Based on the conclusion of the discussion around unknown encodings, and taking into the consideration that there's an explicit existing test suite that unknown encodings must be ignored when decompressing the fetch() response body, looks like the way forward is to leave the implementation as-is. Please let me know if I misunderstood the conclusion.

I suggest adding the throwing logic to decompressStream once we discover a use case for that (decompression in the interceptor may be that use case). From then, we can open a new pull request to extend the decompressStream utility with options or anything else we find proper.

With this, I believe this pull request is ready for review cc @KhafraDev @mcollina

tsctx · 2024-08-01T13:53:43Z

lib/web/fetch/decompress.js

+ * @param {Response} response
+ * @returns {ReadableStream<Uint8Array> | null}
+ */
+function decompress (request, response) {


I think decompressStream is sufficient. It should already be redirected.

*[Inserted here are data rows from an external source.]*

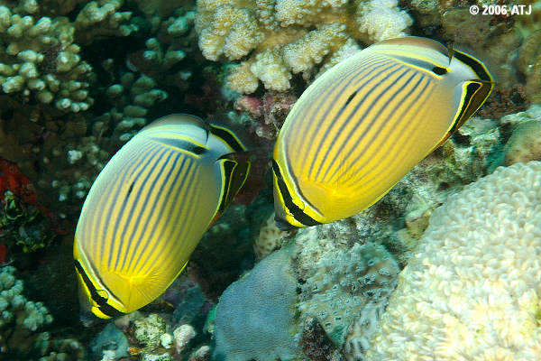 Two Pacific pinstriped butterflyfish, Chaetodon lunulatus. 6.5 m. |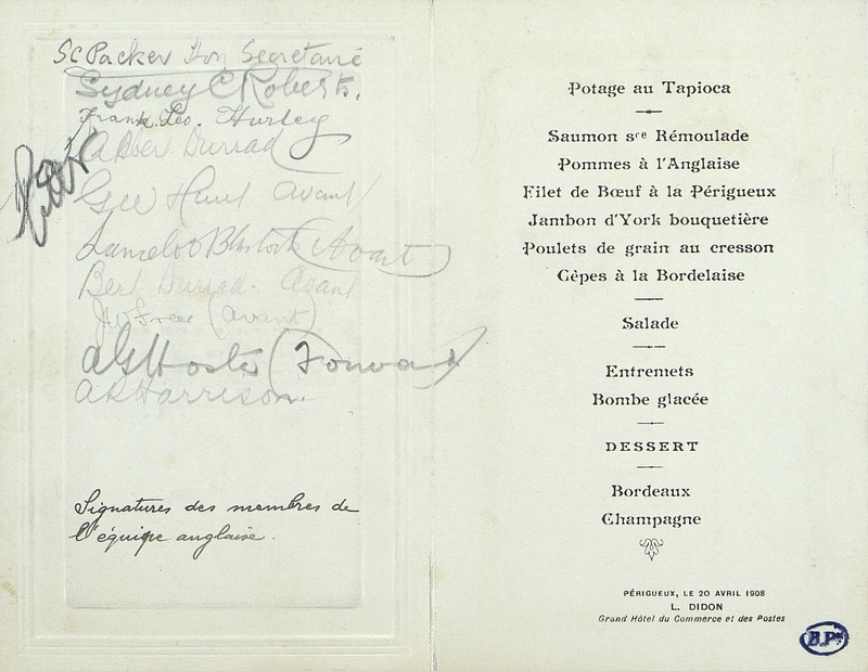 Notes manuscrites au verso : Équipe anglaise : Sc Packer Iton secrétaire. Sydney C. Roberts. Franck Leo Harley. Albert Durrad. Lee Hunt , avant. Lancelot Black ? , Avant. Bert Durrad, Avant. JWfreer (Avant). Alsttoste, Howard. AR Harrison. OBar.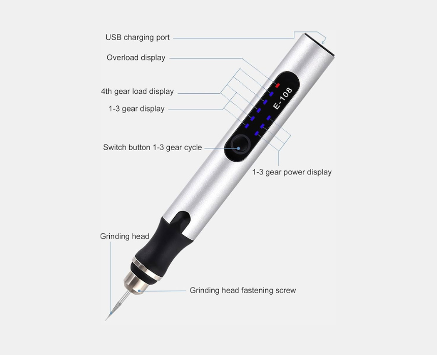 This handheld electric Grinding Pen set includes 1 engraving pen, 30 drill bits, 3 stainless steel cutting discs (22mm, 25mm, 32mm), 1 slicing link, 16 engraving templates, and 1 USB power cable. Perfect for detailed engraving, cutting, and polishing on wood, metal, glass, and plastic. Compact and easy to control, it offers precision and versatility for DIY projects and professional use.

I'd like to have a designated utility that performs the decompression including the handling of redirect responses, etc. decompressStream implies you handle that yourself.

It looks to me like you are targeting the Fetch api response.
In this case, have you already been redirected?

@tsctx, I'm moving the existing content encoding logic to this utility function. In the existing logic, Undici does accept the response, which is the redirect response, not the redirected response. This is correct. This utility must also decide if decompression is unnecessary if the response is a redirect response.

tsctx · 2024-08-01T13:57:51Z

lib/web/fetch/index.js

+            body: decompress(request, {
+              status,
+              statusText,
+              headers: headersList,


headersList is not an instance of Headers

Technically, not, but its APIs are compatible, from what I can see. At least, the entire test suite hasn't proven me wrong.

I can construct Headers instance out of headersList but it may have performance implications. Would you advise me to do that?

index.js

metcoder95

LGTM, just having the considerations of @tsctx about the util namespace and the following thread: https://github.com/nodejs/undici/pull/3423/files#r1694215822

mcollina · 2024-08-02T16:15:46Z

Can you please add the types for this and the related type tests?

kettanaito · 2024-08-07T15:24:17Z

On a related subject, I've recently learned about DecompressionStream global API, which is also available in Node.js as of now. Can it be utilize to the same effect as the API being proposed here?

response.body.pipeTo(new DecompressionStream('gzip'))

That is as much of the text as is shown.